Las ventajas y desventajas de ambas especializaciones se hacen evidentes en la carretera mojada: el Z06 exige un pie derecho cuidadoso y reacciones rápidas, mientras que el E-Ray se agarra con seguridad al asfalto, permitiendo una conducción mucho más relajada y transmitiendo considerablemente más potencia al suelo mojado.
Sorprende en el Z06 cuánto confort residual aún ofrece. Aun así, se nota claramente que hay una bestia más salvaje bajo la carrocería ensanchada; es perceptiblemente más firme, la dirección mucho más sensible, y al entrar en curva reacciona con mayor precisión, ya que la carrocería está más rígidamente unida al chasis y, en consecuencia, balancea menos.

El Stingray resulta ser una máquina de diversión universal
¿Y el "normal" Stingray?

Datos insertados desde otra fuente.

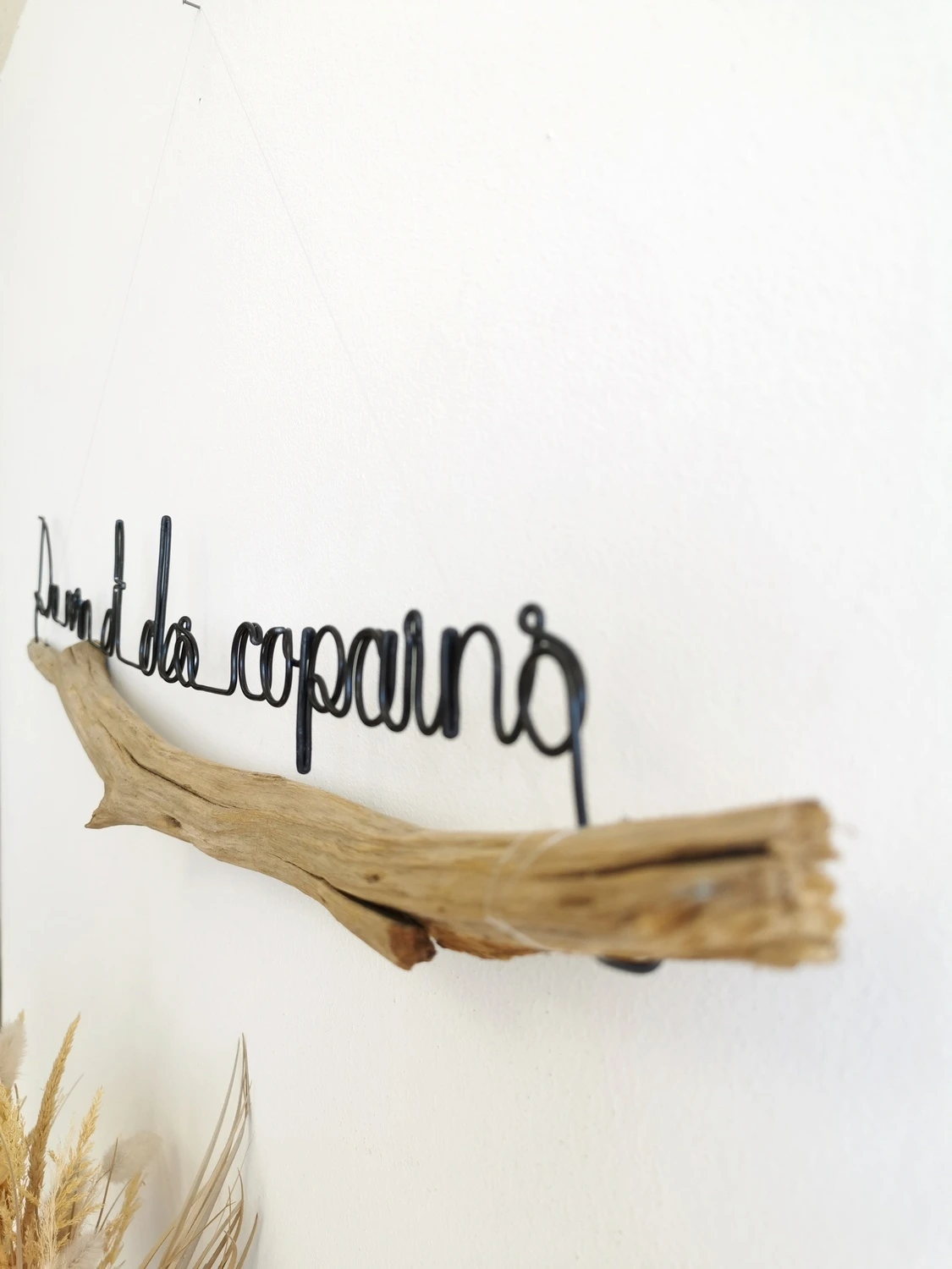 J’ai fabriqué cette déco avec une branche de vieux châtaignier. J’adore particulièrement travailler ce bois imputrescible qui est bien plus difficile et long à travailler que d’autres, mais son rendu est vraiment incomparable. Il peut parfois un peu ressembler à du bois flotté.

Resulta ser una fuente universal de diversión, aún más en su versión cabrios. Ofrece la nueva sensación Corvette de pleno: agilidad de motor central, alta precisión de conducción con muy buen confort de marcha (con la suspensión adaptativa opcional), un diseño atractivo y, aunque más caro que antes, todavía con precios moderados en comparación con otros coches de motor central.
Conclusión
¿Es el E-Ray más rápida en pista? No tiene por qué serlo, ya que en conjunto es más bien un GT extremadamente rápido, con gran tracción y muy apto para el uso diario dentro de la creciente familia Corvette. Y podría asumir el papel que el Turbo representa en Porsche.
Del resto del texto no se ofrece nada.